I have had this laptop for about 2 years and cannot seem to locate any recovery disk as we have had a pretty substantial move in the meanwhile..my bad i know  

Does anyone have any help..all i can find says to boot in does and instigate system recovery or revert hardware, but i cannot login to do any of this.

If I took the laptop into a comuter store could they fix it with a boot disk? Could I download an updated boot disk? (i could not find one as of yet)
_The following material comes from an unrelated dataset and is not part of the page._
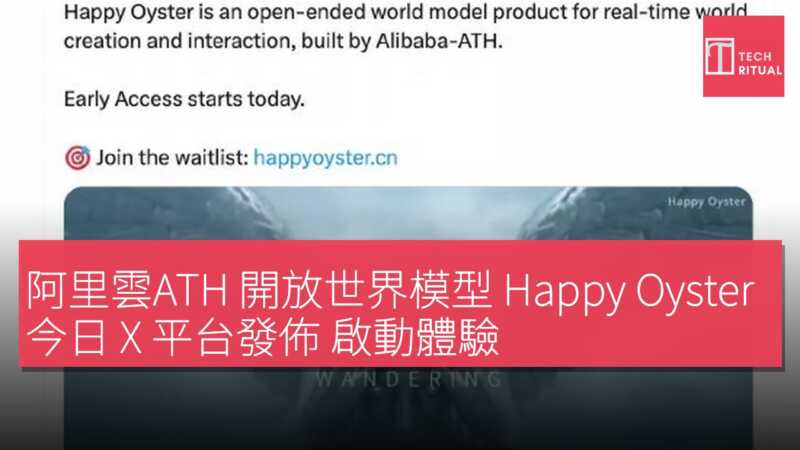 阿里雲ATH 開放世界模型 Happy Oyster 今日 X 平台發佈 啟動體驗

Any help would be greatly appreciated.

PS
About 2 weeks ago i updated my drivers for express chipset families for a video game i was playing but have not had any problems in the meantime till now.


----------



## TheMatt (May 9, 2006)

When you Press F8 to get boot options, try booting to Last Known Good Configuration. I doubt this is a problem with your hardware.


----------



## Eonblue (Jan 11, 2007)

Sorry i wasnt clear on that...yeah i tried thats..bascially, if i select boot in safe mode, boot to previous config, ect....it all has the same outcome...upon loggin in i always get this error


----------



## TheMatt (May 9, 2006)

Did you install any hardware recently? If so, remove it. Also, if you have a retail XP disk, then do a repair install.


----------



## Eonblue (Jan 11, 2007)

I updated a driver about two weeks ago and installed a video game expansion pack about two weeks ago as well, but that is the only change i have made and did not seem to be giving me problems.The dell laptop i purchased did not include a windows disk or a recovery cd ( i think dell wants us to purchase these seperatly). I would be happy to uninstall it if need be, the issue is I cannot get to a place to uninstall, upon windows loading i get the error message


----------



## TheMatt (May 9, 2006)

Well, you really have two options here.

1. You can use the recovery partition, which will format your hard disk and restore it to the factory state. This will not cost anything since the recovery partition is already on the hard disk, but you will loose all your data unless you put the hard disk in an external enclosure and take data off it on another computer.
http://www.newegg.com/Product/Product.asp?Item=N82E16817145368

2. You can purchase a retail XP disk from Dell or anyone and do a repair install, which will fix it and will not affect your data. Dell will probably charge a ridiculous fee for it. If they offer a discount since XP was installed OEM on the laptop, then go for it, but if they don't, then get it somewhere else like here.
http://www.newegg.com/Product/Product.asp?Item=N82E16832116056

It really depends on what you want to do, I would either use the enclosure to recover data off it, or get the XP CD, but it is your choice. I can help out with the recovery or repair process whichever you choose.


----------